Perhaps I've missed something, but there doesn't seem to be any indication that Ryzen actually matches BW-E IPC on avg. Rather is slightly behind.. Enough to be considered more like Haswell in throughput, or slightly lower.. This is based on the Canard tests which show a 6900K at a 14.5% advantage, (including blender) and which, by all accounts has a <10% clock advantage. So perhaps people shouldn't be getting there knickers in a twist 're who's predictions were right or wrong quite yet? Moreover, the 40% is an ST claim, and none of the benchmarks so far have been run 1T per core. So until someone does this, no one knows.
By my own testing of Excavator in 1T/module vs Skylake i3 1T/core , I stiill avg around 60% to SKL no matter what I add or remove from the bench set to try and get a realistic avg (which is difficult due to the wildly different architectures), that puts Skylake approx 15% > A theortical Zen. Which in turn plants it pretty firmly in between ivy and Haswell.
A bit more than The Stilt's original prediction, and still sounds low to some, but personally I still predict Ryzen will have greater SMT Yeild (%) than Broadwell, which means of course that throughput can be closer to Haswell/BW than it's ST performance is.

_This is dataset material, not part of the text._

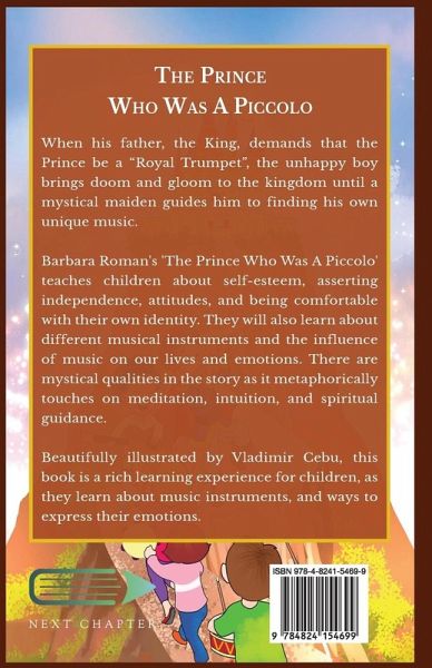 When his father, the King, demands that the Prince be a "Royal Trumpet", the unhappy boy brings doom and gloom to the kingdom until a mystical maiden guides him to finding his own unique music. Barbara Roman's 'The Prince Who Was A Piccolo' teaches children about self-esteem, asserting independence, attitudes, and being comfortable with their own identity. They will also learn about different musical instruments and the influence of music on our lives and emotions. There are mystical qualities in the story as it metaphorically touches on meditation, intuition, and spiritual guidance. Beautifully illustrated by Vladimir Cebu, this book is a rich learning experience for children, as they learn about music instruments, and ways to express their emotions.
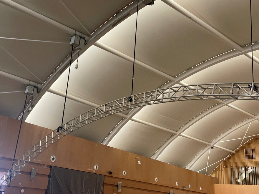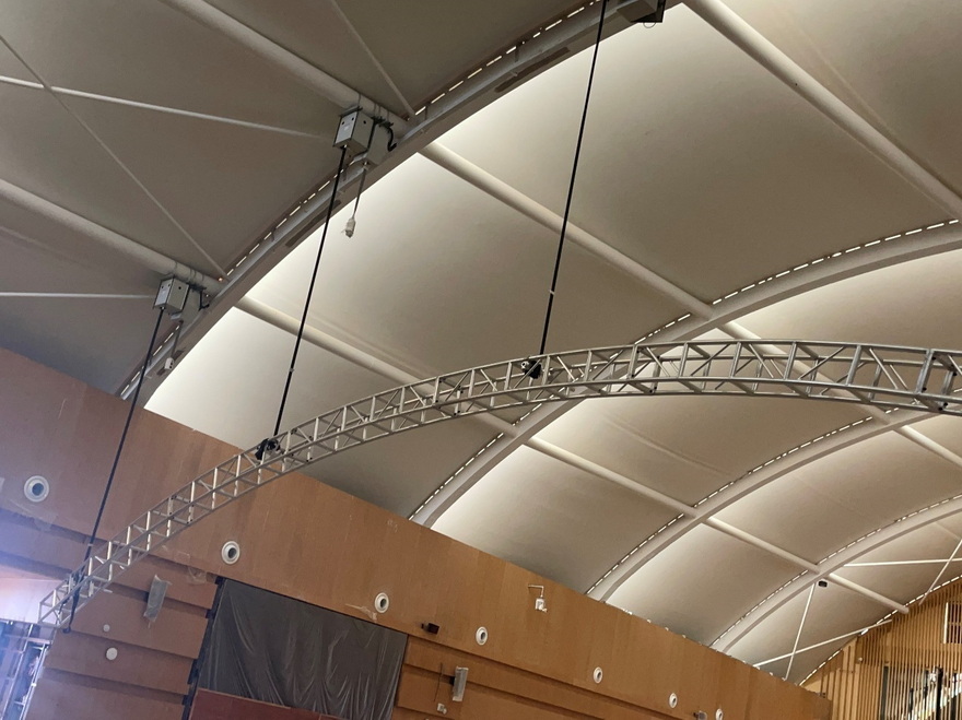 我們的燈光吊點(diǎn)設(shè)備在 二樓穹頂展館(會(huì)議中心),和一樓的宴會(huì)中心 負(fù)責(zé)所有的燈光音響設(shè)備升降功能的實(shí)現(xiàn)!

As for why I think this will be the case:- Distributed Int Schedulers, and a higher number of statically partitioned structures are the main reasons. Intel's more dynamic approach here should result in higher ST performance, but IMO is a mistake in regards to throughput perf/watt. if not perf/mm , It makes sense to me that AMD chose to avoid such a large unified scheduler.. This is after all an architecture designed to be as balanced as possible, But given it's 2017 now (Is here in Australia!) likely biased towards throughput wherever it didn't impact ST significantly,
yeah you sure have missed the fact that Canard PC had a buggy A0 revision ES. They acknowledge their sample had SMT and uop cache issues. If anybody is deriving any conclusion from canard PC benchmarks its bound to be wrong. I would say the final reviews of the production chip with all bugs fixed, proper turbo and firmware optimizations is what we should wait for. AMD has already demonstrated Blender and Handbrake with similar and better performance respectively wrt 6900k. If you do not want to believe AMD controlled benchmarks thats perfectly fine. But then jumping to conclusions based on a buggy ES sample is not the right approach. You would be right to disregard all benchmarks till launch but drawing your conclusion based on a buggy ES benchmark from canardpc while ignoring more recent benchmarks done by AMD based on recent steppings points to an agenda of your own.